Working With Strong Emotions
Thing about strong emotional responses is that you as the clinician have to have a sense of detached compassion and not let the client suffering trigger your own stuff so that you end up feeling like a perpetrator because you're making this client suffer. See, the notion is the suffering is there because of the stored memory, and this has been at the base of these problems that they've been having. You're not putting the suffering in. You're opening the door to let the suffering out. So as you're seeing them move through it, the emotional response that they're having is the digestion process.
As they're accessing these earlier events, the emotion, the perspective is going to arise. The client is going to have it at some level. They're going to have it at a shadow of the experience or a stronger emotional response to it. It is what that client needs for them. And if you look at them crying, and you say, No. No. You don't have to feel it now. Or do something quick to get them to stop feeling. What message are you giving to them about their emotions?

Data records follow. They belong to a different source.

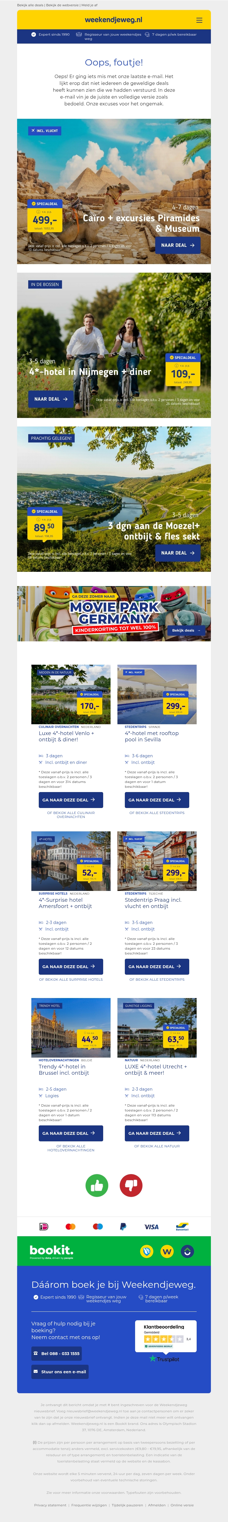 π§ Oeps! Er ging iets mis in onze vorige nieuwsbrief | CaΓ―ro Mega-alles-in-1 Excursietrip β¬499 | 3 dgn Nijmegen + ontbijt & diner 109 p.p.!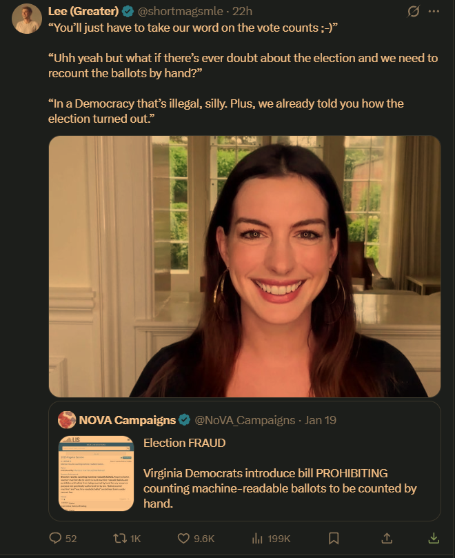 >>218615757Kiitos kun jaoit Leen (Suurempi) mielipiteen NOVA Kampanjoiden mielipiteestä Virginian osavaltion vaalilakimuutoksesta, tämä on tärkeää.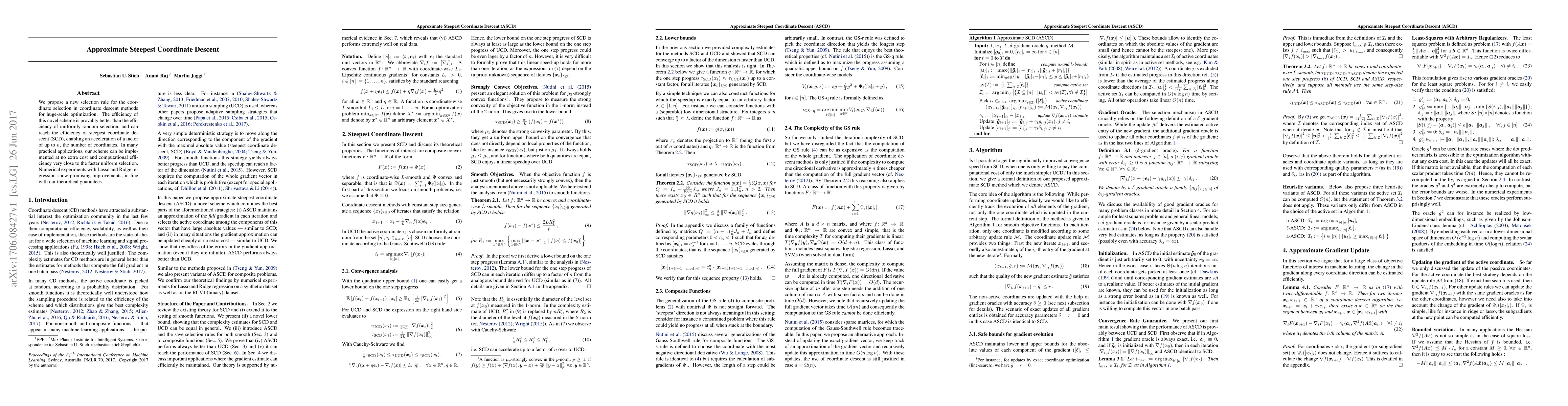 This paper introduces a new method for selecting coordinates in coordinate descent optimization, which is more efficient than random selection and can nearly match the performance of steepest coordinate descent, potentially speeding up convergence by a factor of $n$. Experimental results on Lasso and Ridge regression demonstrate promising improvements consistent with theoretical predictions.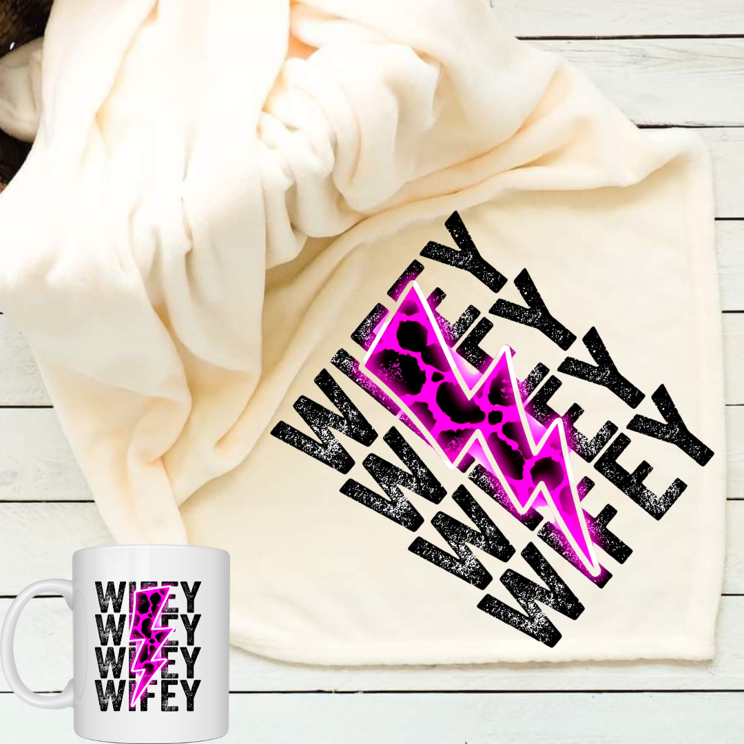 Wifey Lighting Bolt Throw Blanket and Mug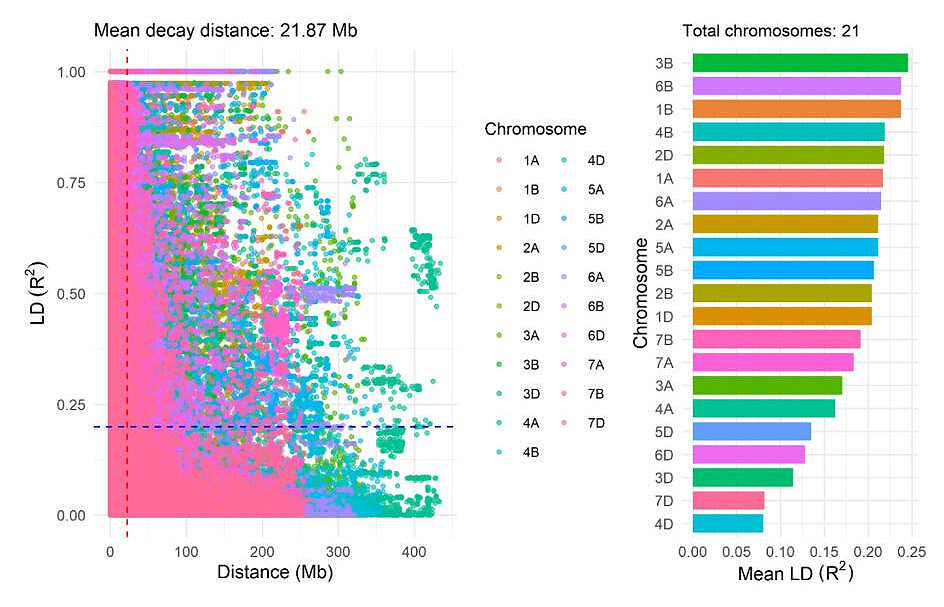 Figure 5 illustrates the linkage disequilibrium (LD) analysis of SNP markers in 159 bread wheat genotypes. The left panel shows LD decay by chromosome, where the mean LD decay distance across the genome is 21.87 Mb, and the R² of LD for the whole genome was 0.20. The right panel presents the mean LD (R²) across 21 chromosomes. Chromosome 3B exhibits the highest mean LD value at 0.24, whereas chromosome 4D shows the lowest mean LD at 0.08.

It's not okay. It's not safe. It's not appropriate. It's shameful. Is this ringing a bell to the type of messages that a lot of your child victims have had to begin with? So if as a clinician, you're going, no. It's not okay. Take a look at what's getting wrong in you that's causing the response that it's not okay for them to experience it as they need to to process for them. So, yes, you wanna have a clinical sense of when you feel the client might be getting to a level of suffering where you need to help them through it, but let it be that it's because the client needs the help to get him through it, not because you need the help to get you through it.